● Instructions to follow: Find the line with "9月10日下午,为庆祝第35" in the records below. Output exactly from there until after the line with "Liposomal Kids Magnesium", without pictures.

● Data shown:
━━━━

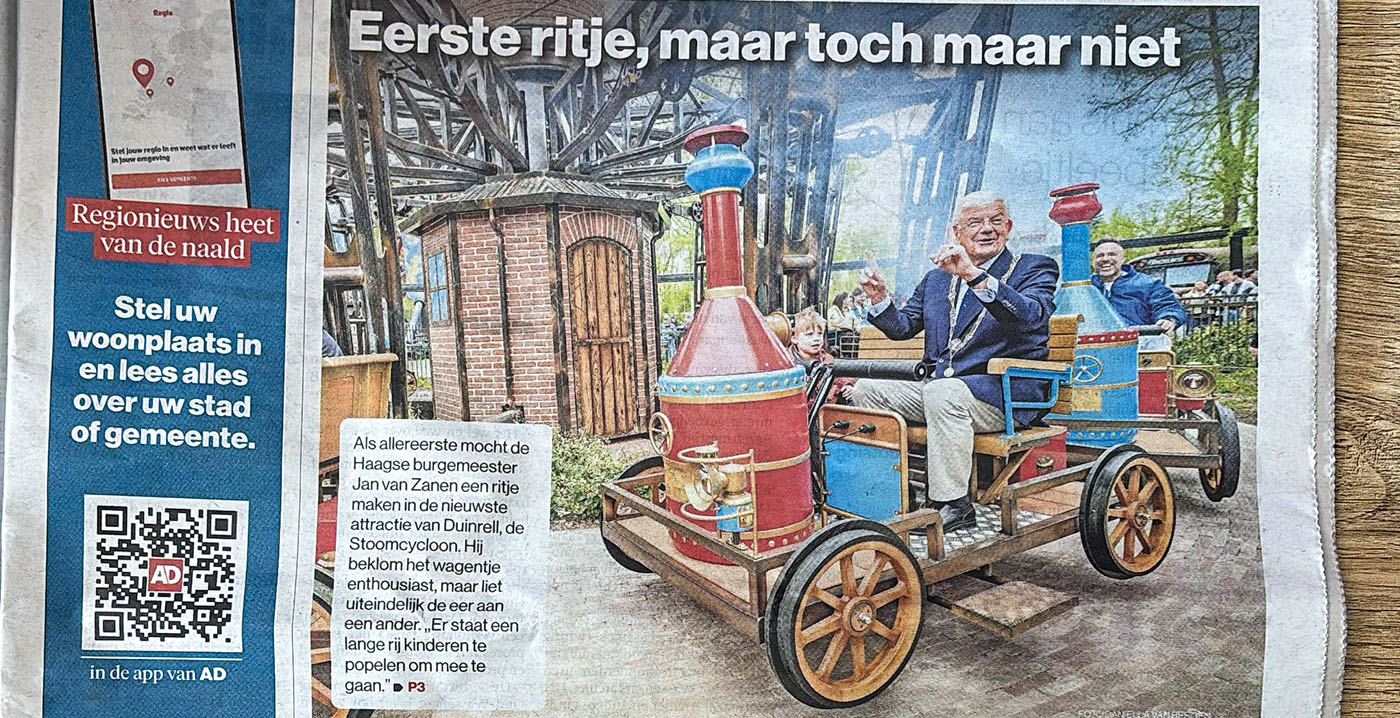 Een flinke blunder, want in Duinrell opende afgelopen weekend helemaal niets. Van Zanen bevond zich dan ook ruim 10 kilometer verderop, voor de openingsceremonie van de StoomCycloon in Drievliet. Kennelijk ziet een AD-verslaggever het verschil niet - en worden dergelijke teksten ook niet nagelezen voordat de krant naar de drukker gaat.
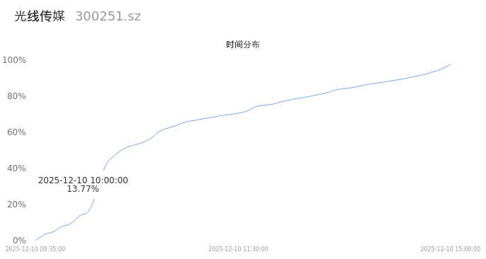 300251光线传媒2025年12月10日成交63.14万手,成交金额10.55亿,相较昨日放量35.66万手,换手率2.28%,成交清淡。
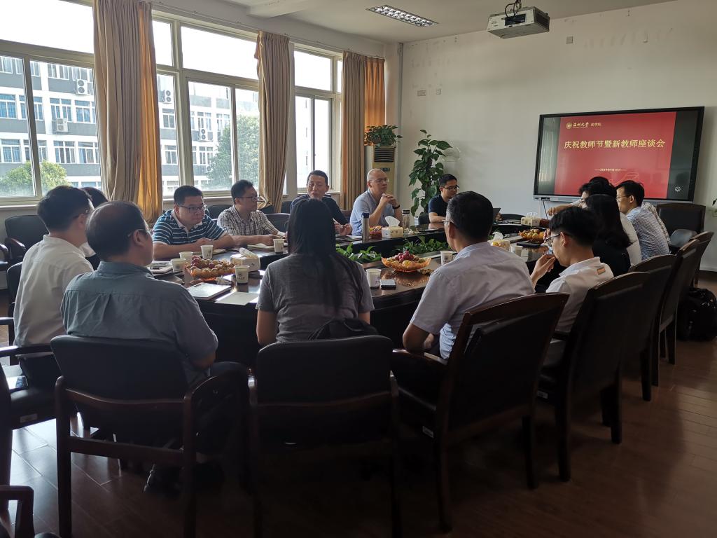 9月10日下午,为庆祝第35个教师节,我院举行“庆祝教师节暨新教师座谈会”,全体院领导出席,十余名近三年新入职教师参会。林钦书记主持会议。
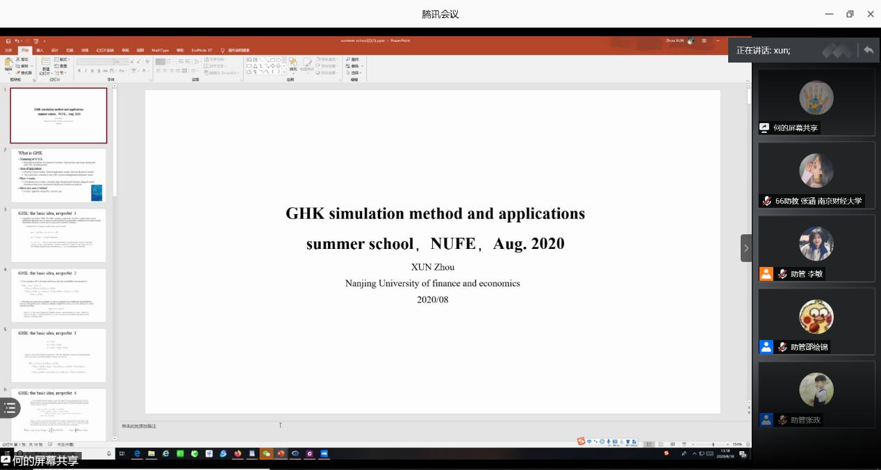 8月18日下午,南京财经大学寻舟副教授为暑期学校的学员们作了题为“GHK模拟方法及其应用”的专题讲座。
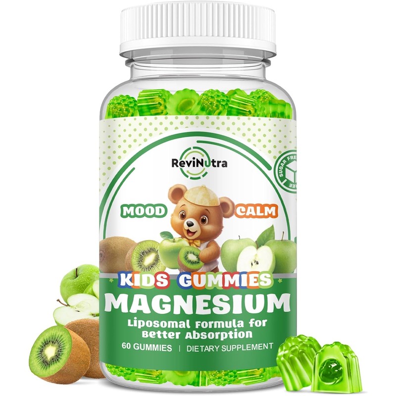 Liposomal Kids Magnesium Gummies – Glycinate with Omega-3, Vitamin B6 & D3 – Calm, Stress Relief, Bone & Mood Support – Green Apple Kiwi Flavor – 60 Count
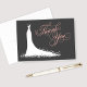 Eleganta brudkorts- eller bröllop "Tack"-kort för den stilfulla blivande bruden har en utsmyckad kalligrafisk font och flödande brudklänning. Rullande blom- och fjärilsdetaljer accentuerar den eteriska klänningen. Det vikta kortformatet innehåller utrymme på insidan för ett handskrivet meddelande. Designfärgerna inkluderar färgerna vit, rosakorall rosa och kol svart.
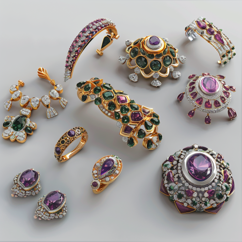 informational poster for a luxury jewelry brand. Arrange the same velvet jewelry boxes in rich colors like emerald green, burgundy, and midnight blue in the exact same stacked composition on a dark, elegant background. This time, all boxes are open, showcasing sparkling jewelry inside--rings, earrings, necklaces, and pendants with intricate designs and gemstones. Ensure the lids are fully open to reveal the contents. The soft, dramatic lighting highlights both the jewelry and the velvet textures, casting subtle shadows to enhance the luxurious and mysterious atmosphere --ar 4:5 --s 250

━━━━

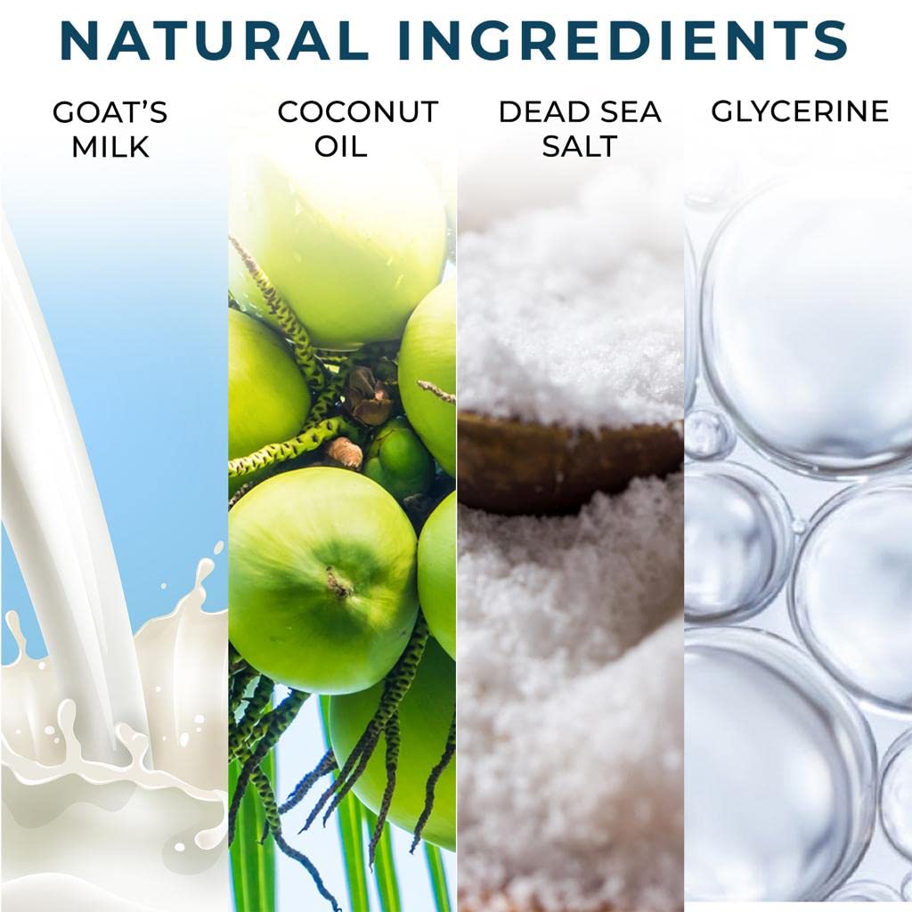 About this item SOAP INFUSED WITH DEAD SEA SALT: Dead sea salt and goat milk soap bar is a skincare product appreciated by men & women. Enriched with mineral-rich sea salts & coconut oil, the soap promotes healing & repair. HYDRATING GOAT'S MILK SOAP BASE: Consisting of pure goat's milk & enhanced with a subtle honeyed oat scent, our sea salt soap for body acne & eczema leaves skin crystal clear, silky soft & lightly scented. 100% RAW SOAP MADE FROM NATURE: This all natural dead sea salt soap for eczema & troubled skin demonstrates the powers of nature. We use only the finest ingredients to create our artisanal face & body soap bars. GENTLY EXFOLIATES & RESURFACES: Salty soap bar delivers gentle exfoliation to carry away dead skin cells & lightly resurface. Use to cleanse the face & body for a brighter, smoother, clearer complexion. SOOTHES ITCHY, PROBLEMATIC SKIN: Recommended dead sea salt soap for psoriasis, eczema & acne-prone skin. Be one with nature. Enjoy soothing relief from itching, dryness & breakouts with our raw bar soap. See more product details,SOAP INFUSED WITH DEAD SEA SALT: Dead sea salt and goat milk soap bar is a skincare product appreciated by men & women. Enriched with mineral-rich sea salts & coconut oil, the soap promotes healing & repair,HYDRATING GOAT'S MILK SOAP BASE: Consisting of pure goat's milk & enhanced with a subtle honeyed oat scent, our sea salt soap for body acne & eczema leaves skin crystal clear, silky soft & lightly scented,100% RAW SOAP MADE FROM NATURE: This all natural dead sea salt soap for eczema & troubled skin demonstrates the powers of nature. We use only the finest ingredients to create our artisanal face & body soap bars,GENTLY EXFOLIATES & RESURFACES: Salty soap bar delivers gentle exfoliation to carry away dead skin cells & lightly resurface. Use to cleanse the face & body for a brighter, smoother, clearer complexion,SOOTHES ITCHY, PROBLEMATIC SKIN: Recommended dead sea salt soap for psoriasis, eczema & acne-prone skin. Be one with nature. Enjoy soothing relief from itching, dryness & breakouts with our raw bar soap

━━━━

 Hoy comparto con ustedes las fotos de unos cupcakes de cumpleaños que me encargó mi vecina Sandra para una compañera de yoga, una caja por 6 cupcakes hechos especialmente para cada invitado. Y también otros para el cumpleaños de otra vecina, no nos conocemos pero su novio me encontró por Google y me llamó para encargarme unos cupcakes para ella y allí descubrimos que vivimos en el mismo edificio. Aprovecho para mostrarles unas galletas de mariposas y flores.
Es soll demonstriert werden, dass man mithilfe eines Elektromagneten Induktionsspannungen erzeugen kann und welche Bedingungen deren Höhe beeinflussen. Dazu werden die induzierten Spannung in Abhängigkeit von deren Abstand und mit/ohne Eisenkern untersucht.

━━━━

● Reply to the exercise:
 9月10日下午,为庆祝第35个教师节,我院举行“庆祝教师节暨新教师座谈会”,全体院领导出席,十余名近三年新入职教师参会。林钦书记主持会议。
 8月18日下午,南京财经大学寻舟副教授为暑期学校的学员们作了题为“GHK模拟方法及其应用”的专题讲座。
 Liposomal Kids Magnesium Gummies – Glycinate with Omega-3, Vitamin B6 & D3 – Calm, Stress Relief, Bone & Mood Support – Green Apple Kiwi Flavor – 60 Count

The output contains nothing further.